→ **Source records**

________

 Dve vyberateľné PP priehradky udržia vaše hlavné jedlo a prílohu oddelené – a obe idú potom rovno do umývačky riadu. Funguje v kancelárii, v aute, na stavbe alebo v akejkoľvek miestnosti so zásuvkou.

________

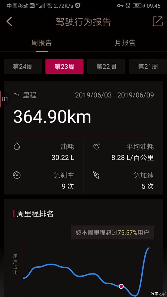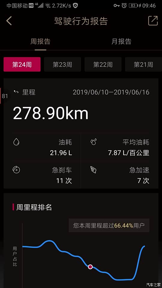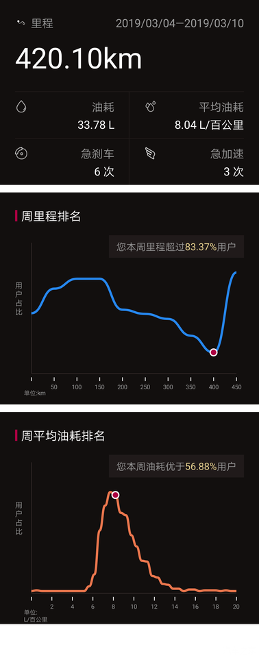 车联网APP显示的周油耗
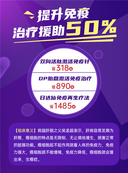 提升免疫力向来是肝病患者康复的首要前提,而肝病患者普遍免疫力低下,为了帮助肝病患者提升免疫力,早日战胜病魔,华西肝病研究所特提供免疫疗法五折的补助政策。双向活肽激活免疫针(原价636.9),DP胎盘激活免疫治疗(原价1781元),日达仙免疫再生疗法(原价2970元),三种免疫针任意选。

________

→ **Assignment**
Your answer should consist of the lines above between those holding "车联网APP显示的周油耗" and "提升免疫力向来是肝病患者康复", inclusive, reproduced word for word and without pictures.

→ **Solution for this exercise**
 车联网APP显示的周油耗
 提升免疫力向来是肝病患者康复的首要前提,而肝病患者普遍免疫力低下,为了帮助肝病患者提升免疫力,早日战胜病魔,华西肝病研究所特提供免疫疗法五折的补助政策。双向活肽激活免疫针(原价636.9),DP胎盘激活免疫治疗(原价1781元),日达仙免疫再生疗法(原价2970元),三种免疫针任意选。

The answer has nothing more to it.